Link to this page: https://secure.socialistparty.org.uk/issue/722/14697
No to local government pensions deal
Not a penny more off our pensions and not a day longer at work!
By a local government worker in Unison
It's been seven months since the magnificent strike on 30 November in defence of public sector pensions. Seven months with members being kept in the dark. On 31 May the deal that has been stuck at the top of the unions was announced. It is now to be subject to ballots in the different local government unions.
The proposal will affect 4.6 million working and retired workers. So we must be sure that we are not being robbed again, like we were in 2006, when £1 billion was taken off our pensions.
The long and short of this deal is "work longer, get less, pay more". The local government scheme is not in financial difficulty. This is just another attempt by the government to steal money from the pockets of public sector workers.
Any concessions that have been won are because of strike action and the employers' fear of another 30 November.
If the union leaders think this is a good deal achieved through negotiation, imagine what could be won if we fight alongside all the other union members still fighting to protect their pensions?
Details of the pensions proposals unpicked...
We are told that this deal means:
- For those under the age of 55 your normal retirement age will rise in line with the new state pension age - 67, 68 and then 70. This means many will have to work two, three and even five years longer.
- Pensions will only be uprated with the lower CPI inflation rate rather than the higher RPI rate. This measure alone has stolen billions off the current pensioners and those yet to retire.

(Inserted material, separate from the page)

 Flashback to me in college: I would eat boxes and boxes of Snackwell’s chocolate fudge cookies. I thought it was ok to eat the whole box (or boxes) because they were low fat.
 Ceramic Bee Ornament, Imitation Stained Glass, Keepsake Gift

- The final salary scheme is to be replaced with a career average scheme. We earn 1/60th of our salary in pension each year, the accrual rate. The final pension is 1/60th of our final salary multiplied by length of service.
In 2006 we fought to keep the final salary scheme and opposed the career average scheme, so why is it now being attacked by the union leaderships as only benefiting the higher paid?

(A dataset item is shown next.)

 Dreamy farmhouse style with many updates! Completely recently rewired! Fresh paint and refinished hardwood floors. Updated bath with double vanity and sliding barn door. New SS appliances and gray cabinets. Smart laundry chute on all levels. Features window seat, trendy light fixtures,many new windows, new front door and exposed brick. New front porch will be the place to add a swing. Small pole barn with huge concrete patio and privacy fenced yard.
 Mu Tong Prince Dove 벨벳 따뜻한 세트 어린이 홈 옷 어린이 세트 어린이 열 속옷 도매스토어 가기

The union officials are now claiming that the career average scheme is better, because it has a better accrual rate of 1/49th and will be uprated by the CPI inflation rate.
Most workers end up earning far more in their last years of working than when they first started. They will be rightly suspicious that taking their average salary over their whole career can be better than using their final salary.

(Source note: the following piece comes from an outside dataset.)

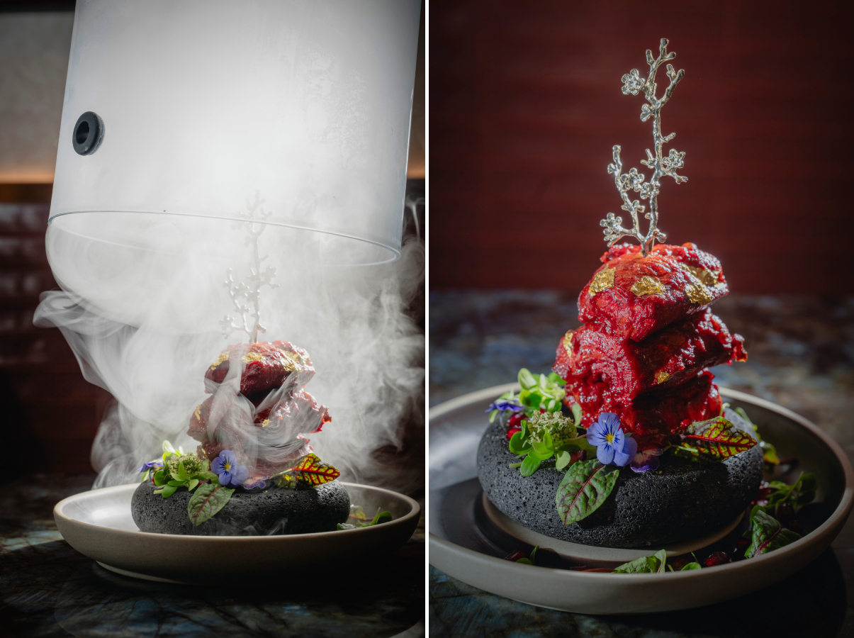 Justin 在 Golden Peacock 時期創作的招牌菜。選用巴西有機雞肉,以少量微微烤過的乾辣椒、芫荽籽、孜然等香料,帶出溫和內斂的辛香,刻意不追求濃烈風味。法國小甜菜根煮熟後與石榴汁打成泥狀醃製雞肉,取代傳統辣椒,使雞肉呈現自然紅色,同時增添淡淡的甜味。
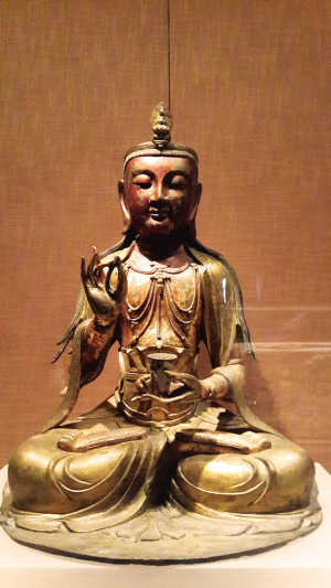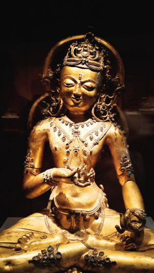 首都博物馆藏铜镀金金刚萨埵菩萨像(元)带项圈和长璎珞,并镶嵌绿松石。

Some of the examples the unions give seem to show we would be no worse off and in some cases better off with a 1/49th and CPI uprating but are we being given the whole picture?
Some months ago the unions said that in order to be better off or no worse off than under the final salary scheme we would need to get an uprating level of not just the inflation rate but inflation plus 2.5%. The reason for this is that history has shown over the long run pay rises are generally 2.5% higher than the inflation rate.
Despite this we are now being sold an uprating level of just the CPI inflation rate, 3% at the moment.
If we were given examples of CPI plus 2.5% it would expose the career average scheme as leaving many more workers worse off.
Our union leaders clearly don't believe that we will be able to secure anything other than pay rises at or below inflation rate for the next 20 years.
- They say that no one will face an increase in contribution rates other than workers earning more than £43,000. We know in other schemes workers are being asked to pay more so many will be pleased by this concession. However some workers earning less than £20,000 will pay more. Let's not forget we've been paying more for the last four years and had no pay rise for three of those.
- Part-time staff will now pay contributions based on their actual earnings, not the full time equivalent. This is an improvement as it was always unfair for part-time staff to have to pay a contribution rate based on the full-time equivalent earnings.
- Staff transferring to the private sector can remain in the pension scheme as a right from April 2014. This is an improvement, as at the moment private companies are only required to come up with a "broadly comparable scheme". It's not clear who will pay for this - the councils or the profit making companies.
- There will now be a 50/50 option. Effectively you can pay half the monthly contribution rate and get half the benefits. In other words, save now lose later. But the reason we are struggling is because we've had no pay rises for three years.
- The future costs of the scheme are yet to be resolved. This is a recipe for "vote now, pay more later". In the health service they ended up with a deal where the employers were protected from increases and all the increased costs now fall on the shoulders of the workers.